Paul Zimmet, AO, MD, PhD, is professor of diabetes at Monash University in Australia and co-director of the Sagol Center for Epigenetics of Aging and Metabolism at Tel Aviv Medical Center in Israel. Disclosure: Zimmet reports no relevant financial disclosures.

PAGE BREAK

COUNTER

No. Metabolic associations with clock gene abnormalities are simply that — associations. It is not cause and effect.

Robert H. Eckel

Metabolic syndrome has had many definitions over the years, and, no question, this has been confusing. Nevertheless, while confusion around the diagnosis may continue, that does not mean the name “metabolic syndrome” should be put on the shelf, so to speak.

When my colleagues and I authored a consensus statement endorsing harmonized metabolic syndrome criteria, in 2009 (Alberti KG, et al. Circulation. 2009;doi:10.1161/CIRCULATIONAHA.109.192644), we stated that, independent of weight and BMI, visceral adiposity measured by waist circumference trumps every other simple measurement of body composition to assess CVD risk. We knew from the very beginning when all of these definitions were ensuing that fasting glucose, which is part of the five-component syndrome definition, is the best predictor of diabetes. Moreover, we never claimed that metabolic syndrome was going to be a better predictor for CVD than the sum of the parts. The metabolic syndrome is not there to replace other risk factors for CVD. Remember, the metabolic syndrome components do not include LDL cholesterol, which is, arguably, one of the best metabolic predictors of CVD risk.

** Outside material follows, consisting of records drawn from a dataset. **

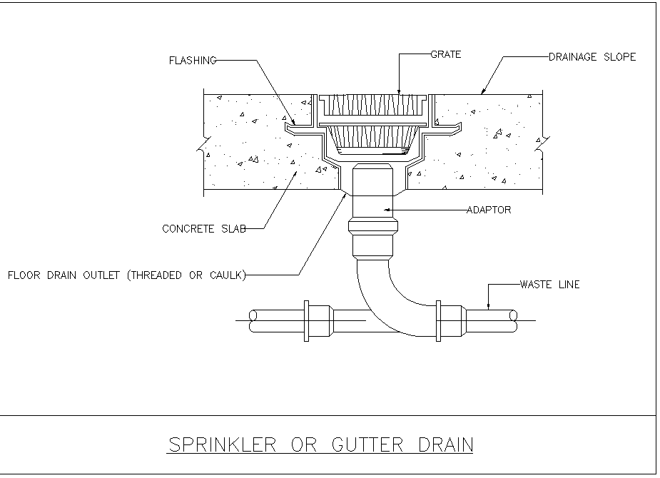 Sprinkler or gutter drain plan. The sections of a gutter drain with a detailing of a concrete slab, adaptor detail, drainage slope detail, great detail, outlet detail, etc.,
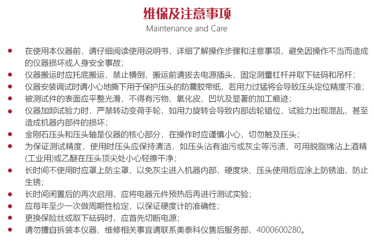 長時間不使用時應罩上防塵罩,以免灰塵進入機器內部,硬度塊、壓頭使用后應涂上防銹油,防止生銹;
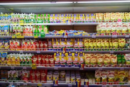 KUALA LUMPUR, MALAYSIA - MAY 04, 2020: Variety of dairy, energy drinks, soda, soft drinks, fruit juice, non-carbonated, in bottles and cans at grocery store supermarket. Beverages industry.
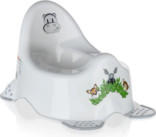 Dziecięcy nocnik Jungle w białym kolorze został zaprojektowany z myślą o bezpiecznej i wygodnej nauce korzystania z toalety. Dzięki szerokiej podstawie z elementami antypoślizgowymi jest bardzo stabilny, anatomicznie ukształtowane siedzisko i wysokie oparcie zapewniają właściwe podparcie i komfort nawet przy dłuższym siedzeniu. Gładka, higieniczna powierzchnia jest łatwa w utrzymaniu czystości.
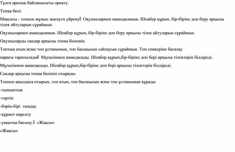 Психалогиялық ахуал Ұйымдастыру кезеңі. Тұлға аралық байланысыты орнату. Топқа бөлі. Мақсаты : топпен жұмыс жасауға үйрену |
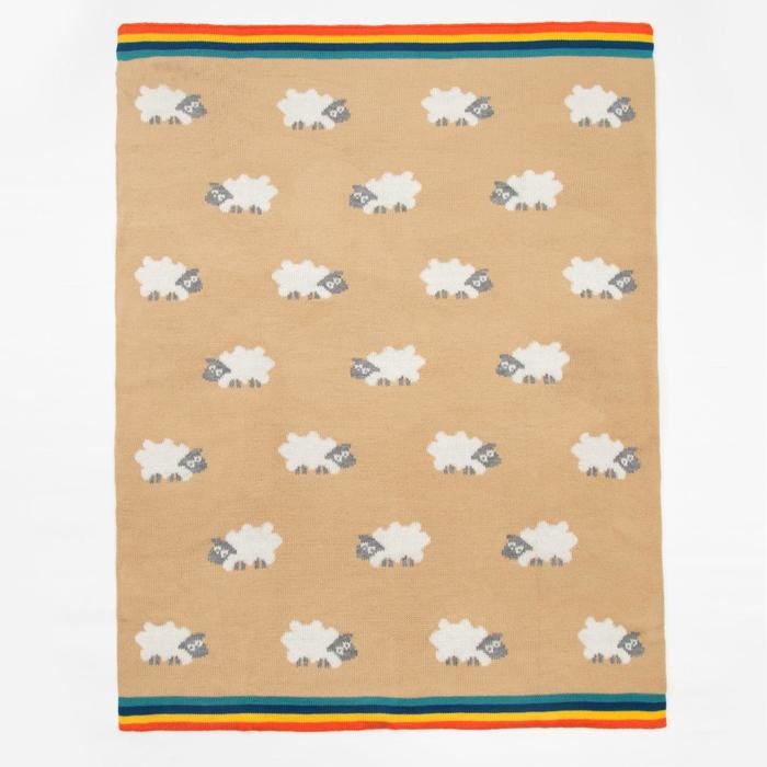 Плед вязаный Крошка Я «Овечки» цв. бежевый, 80*100 см, 100% хлопок

A syndrome is loosely defined as a group of signs or measurements that consistently occur together and are linked by a common mechanism. A syndrome is not a disease. With metabolic syndrome, the pathophysiology seems to be largely attributable to insulin resistance, with excessive flux of fatty acids from adipose tissue that impairs insulin sensitivity in liver and skeletal muscle. The metabolic syndrome is much more than these three of five components we have defined. Clearly, the current definition of at least three out of five is overly simplistic.

The name “circadian syndrome” represents an exciting new area of science but says nothing about its actual etiology. Insulin resistance explains most if not all of the components of the metabolic syndrome. Studies do show an impact of the clock gene on behavior, but where does it all begin? Does sleep affect behavior, or does behavior affect sleep? Does sleep affect the clock? Are we referring to the central clock? Are we referring to peripheral clocks, which can operate independently from the central clock? How do these relate? Is this a pathophysiology in itself, or could alterations in clock genes mediate their effect via insulin resistance?

It is an interesting concept, and I don’t doubt that circadian rhythms are important, but I am not convinced that we need to change the name of the syndrome that has more than 75,000 papers and is well known in the biomedical community.

Robert H. Eckel, MD, is president of Medicine and Science for the American Diabetes Association and professor emeritus of medicine in the divisions of endocrinology, metabolism, diabetes and cardiology at the University of Colorado Denver Anschutz Medical Center. Disclosure: Eckel reports no relevant financial disclosures.